That seems more like something Mastodon would play since they all have silverburst stuff.


----------



## Sicarius (Feb 18, 2011)

Saw this earlier on Musician's Friend.

the guitar world needs more regular silverburst guitars.


----------



## Grand Moff Tim (Feb 18, 2011)

Isn't Skwisgaar's explorer black?

Wasn't the show sponsored by EMG?


----------



## ThorSilhouette (Feb 18, 2011)

nice


----------



## Bloody_Inferno (Feb 18, 2011)

Silverburst Explorer... pretty sweet. 

No "Gibson" labelled innovation... that's a positive here too. A tried and true formula.


----------



## loktide (Feb 18, 2011)

nice


----------



## yingmin (Feb 18, 2011)

So. Fucking. Sick. Of silverburst.


----------



## TheSixthWheel (Feb 18, 2011)

HOLY CRAP. Looks fairly awesome, but MSRP of $2,799!?!

Oh, it's Gibson.

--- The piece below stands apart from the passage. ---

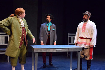 The spark for the play came when Carter discovered that Jefferson, Dickens, and Tolstoy had each put their own spin on the Bible. Jefferson literally cut out the verses he liked from the King James Bible and pasted them into a notebook. Dickens rewrote the gospels in a way that he could read to his children at bedtime. And Tolstoy, never one to do things halfway, taught himself Greek and Hebrew so he could create his own translation of the scriptures. The play begins when this trio, three of the most influential thinkers of their times, find themselves together in a mysterious room immediately after their deaths, pulled from different centuries into the same strange place. Their bewilderment quickly turns into unease as the larger question looms: why are they here? As the men quickly begin sparring over their vastly different views of religion, morality, and the meaning of life, they argue, debate, and clash with one another. When they discover they've all written their own take on the Bible, they wonder if they are meant to combine their individual versions into a single, unified scripture. Or are they being called to account for their past choices, confronted with the ways they failed to live up to the very gospel teachings they held so dear? While the ending could be a little clearer, the script is well written and takes the audience on a lively journey that combines history, theology, and humor. One of the most fascinating aspects of the play is the way Carter weaves in themes of faith, doubt, human imperfection, and the need for meaning. The script reveals a surprising amount of historical detail about each man, from Jefferson's rewriting of the Bible in secret to Dickens' conflicted views of Christianity and Tolstoy's rejection of material wealth for spiritual purpose. These elements not only create tension among the characters but also give audiences a chance to reflect on how questions about morality and belief are just as relevant today as they were centuries ago. The three actors who play Jefferson, Dickens, and Tolstoy make these famous figures feel both real and fascinating to watch. Jefferson is portrayed by J. Kevin Tallent with a cool, intellectual rationality that underscores his devotion to reason and logic. As Dickens, David Lorello comes across as passionate, verbose, and full of theatrical energy, embodying the novelist's flair for both charm and drama, which fits his personality as a storyteller. Ben Rojek as Tolstoy is grounded and intense, radiating a deep sense of faith and conviction. Together, the trio's dynamic chemistry and sharp delivery keep the debates engaging from start to finish. Beau Heckman's direction is tight and crisp with expert staging and movement that ensures the dialogue-heavy script never drags. Angee Lewandowski's costumes and the hair and makeup designs by Shelly Trujillo immediately establish each historical figure. Mark Baris' set design and the projections and lighting design by Stacey Walston add clarity and atmosphere. These elements work together to keep the focus on the language and performances, while also enhancing the play's stark visual appeal. Diane Marie Senffner's dialect coaching has derived impressive and consistent accents from the trio of actors. Discord at Theatre Artists Studio is impressive, combining an intelligent script with exceptional performances and strong creative designs. It's both entertaining and a thought-provoking drama full of substance that invites audiences to wrestle with big questions while enjoying the lively interplay of three brilliant but flawed men. The Gospel According to Thomas Jefferson, Charles Dickens and Count Leo Tolstoy: Discord runs through September 28, 2025, at Theatre Artists Studio, 4848 East Cactus Road, Scottsdale AZ. For tickets and information, please visit www.TheStudioPHX.org or call 602-765-0120. Director: Beau Heckman Cast: |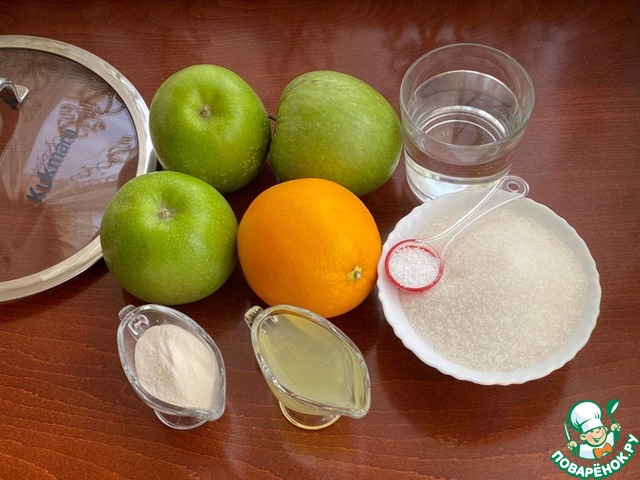 Пока мармелад остывает, приготовим фруктовое пюре для основной зефирной массы. Для этого подготовьте все необходимые ингредиенты.

Of course.


----------



## noizfx (Feb 18, 2011)

I've always liked the silverburst


----------



## caskettheclown (Feb 18, 2011)

If they released an Epiphone version I would buy it in an instant!

I have GAS so hard right now....:\


----------



## Seventary (Feb 18, 2011)

Silverburst=cum in yer' pants.


----------



## WickedSymphony (Feb 18, 2011)

TheSixthWheel said:


> HOLY CRAP. Looks fairly awesome, but MSRP of $2,799!?!
> 
> Oh, it's Gibson. Of course.



It actually only costs a bit more street than regular explorers, so it's not such a bad deal in comparison to those.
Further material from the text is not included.